@ebrown p,
ebrown wrote:1) I asked why minimizing suffering was better then any other basis for a system of morality. I
Although that happens to be (part of) what I hold to be true, it wasn't the point I was arguing at the moment. The point I was arguing started by observing that there are different fundamental approaches to doing ethics. One way is to wite a rulebook and require that people follow it. Another is to judge acts by their consequences (or by the statistical expectation value of their consequences before you commit the acts), and to set a criterium for judging how desirable those consequences are. And yet another is to assume that "people know it when they see it", where "it" is either good or evil, and deduce rules about right and wrong from polling people's intuitions.
My point is that for each of these approaches there are different amounts of disagreement between cultures, justifying differently prominent roles for moral relativism. You advocate a very high level of moral relativism. At the same time, you start by taking the deontlological approach to ethics, which would generate the greatest conflict between rules when universalized.
ebrown p wrote:4) The Catholic Church here was offering a vision of Universal Truth based on unprovable axioms. T
Before you can offer versions of Universal Truth, you have to assume there is a universal truth to be offered. This assumption is a leap of faith in morality, but it's also a leap of faith in science. For example, one leap of faith that scientists have to take is what's called the inductive hypothesis: If the cloudless sky at daytime was blue the first N times you looked, it will be blue the N+1th time you look. (For sufficiently high values of N.) There is no
logical reason to assume that. You have to take it to be true before you can do evidence-based science at all. And you cannot prove the inductive hypothesis without first assuming it: Without assuming it, the fact that the inductive hypothesis has worked each of the gazillion times we relied on it says nothing about the next time.

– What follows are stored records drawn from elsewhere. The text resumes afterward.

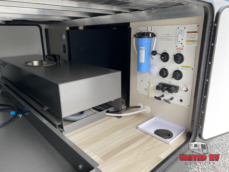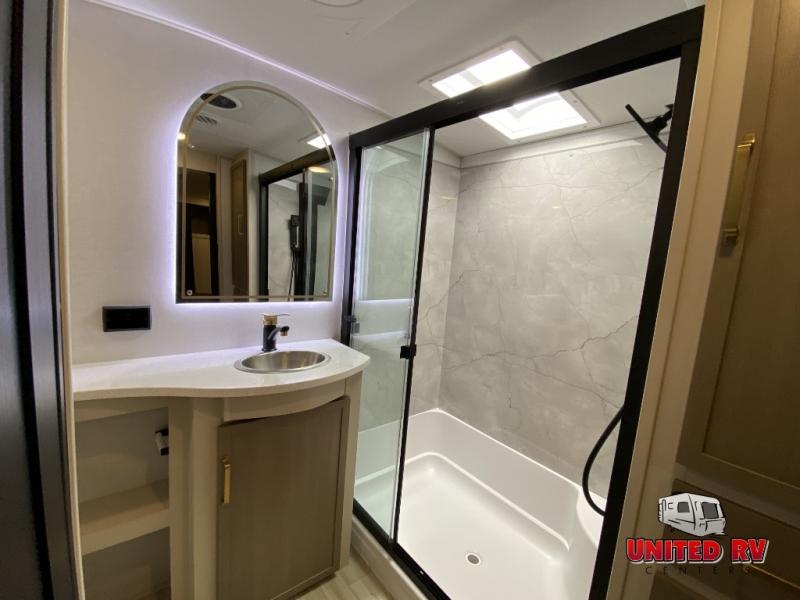 This Salem Hemisphere Elite fifth wheel is quite literally going to amaze you! The exterior has an extensive amount of storage space with its three pass-through storage compartments. The interior also has many storage locations, like the pantry for your dry and canned goods, 20-cubic foot refrigerator, additional storage over the half bath, linen closet, bedroom dresser, and bathroom wardrobe. In the master suite, you'll find extra space with an extra-wide bed slide, and the residential walk-in shower with skylight is going to make morning routines enjoyable. Each day you can sit down in one of the swivel bar stools at the breakfast bar and take in the beautiful views from the panoramic windows. You'll also love to spend your time at the front in the separate living room relaxing on one of the two tri-fold sofas or on the theater seating.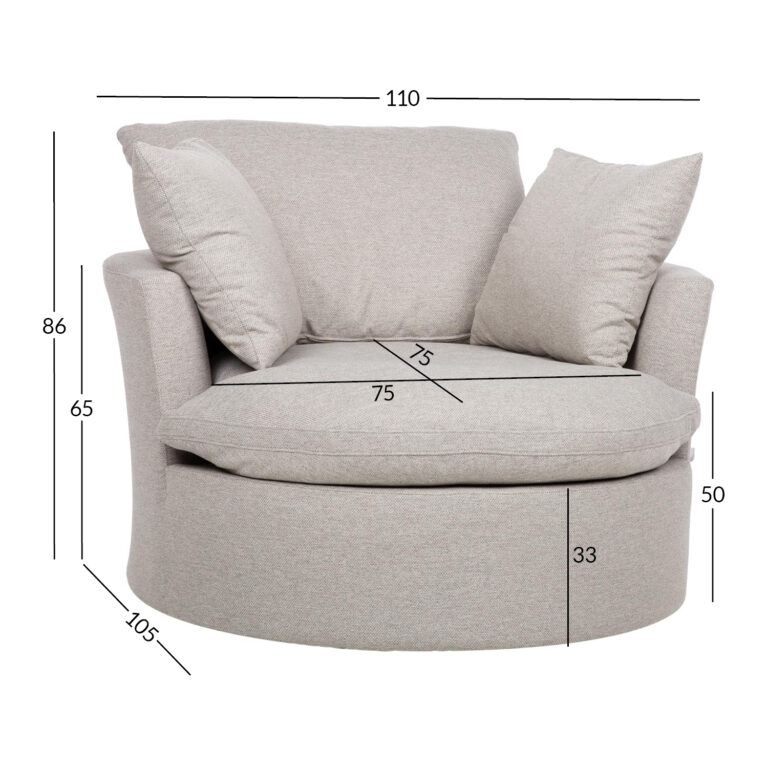 Tugitool FLUFFY pöörlev 110x105xH65/86cm, helehall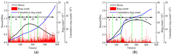 Comparing the cumulative ring count at different curing times for the CPB at each stage (Figure 13a), it can be observed that the cumulative ring count increases with the increase in curing time. As a result of the increased strength of the CPB, a relatively larger number of microcracks were generated during the process of failure, leading to an increased friction effect between the internal particles. Therefore, the cumulative ring counts detected by AE before failure increased with the increase in the curing time, showing an increasing trend in all stages. However, in Stage IV, the cumulative ring counts showed a decreasing trend. This result was mainly due to the incomplete hydration reaction of the CPB under low curing time, resulting in higher ductility. This can also be observed from the stress–strain curve, which showed a slow and gradual change after failure without a rapid decrease. On the other hand, under high curing time, the specimens gradually transformed from ductile to brittle, and after failure, a significant decrease in ring counts occurred within a short period. Stage V was related to the loading time after failure and had a larger error, so it was not explicitly analyzed. Based on the cumulative ring counts of the first four stages, the ring count proportions for each stage were calculated. With the increase in curing time, due to the increased strength, the brittleness of the CPB was enhanced, resulting in an increased proportion of ring counts before the peak and a decreased proportion of ringing counts after the peak.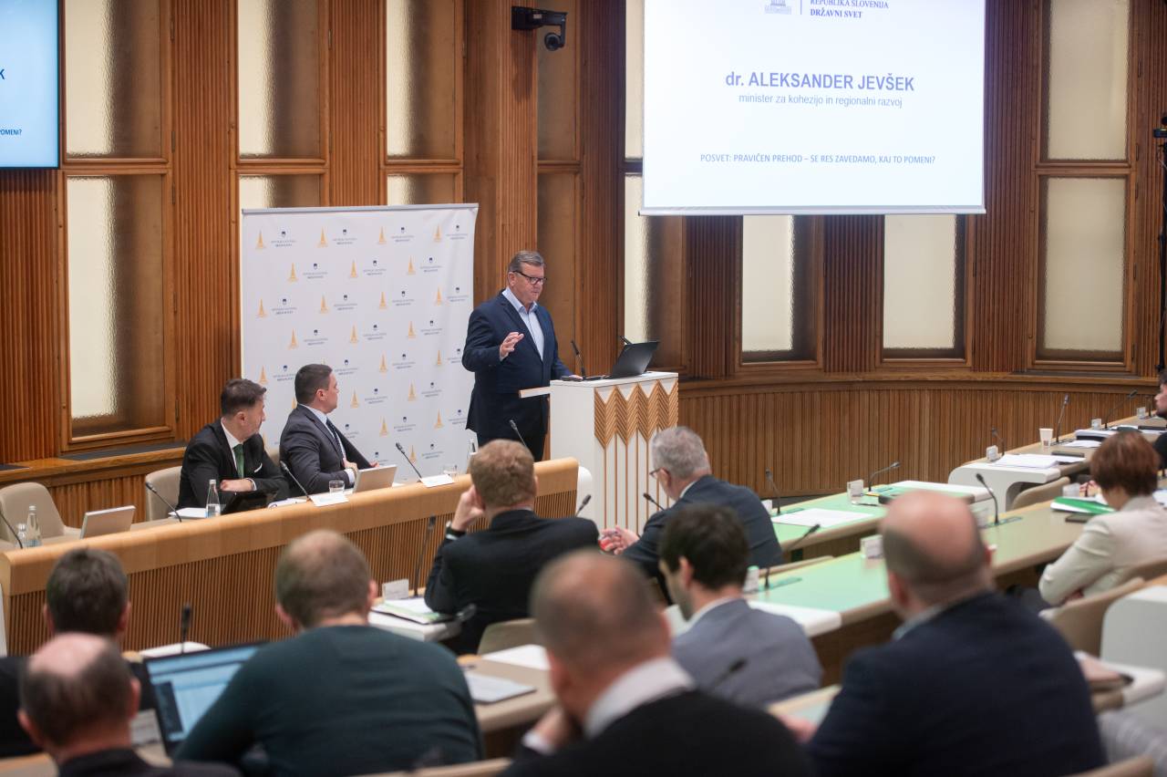 Nato je sledila predstavitev aktivnosti države za pravični prehod. Minister Aleksander Jevšek je pojasnil, da ministrstvo za kohezijo in regionalni razvoj pripravlja zakon o razvojnem prestrukturiranju SAŠA premogovne regije.

My purpose in this sub-thread isn't to defend my opinion about what the objective truth about morality is. It's to assert that there even is an objective truth to defend. My evidence for that is that notions of good and bad are a lot more similar across the world when you start with a non-deontological approach to ethics, and barely distinguishable when you test it with concrete, Marc-Hauser-type scenarios. This suggests, if not a universal truth about morality, a pretty universal consensus about morality if you state the moral conflict in a concrete way.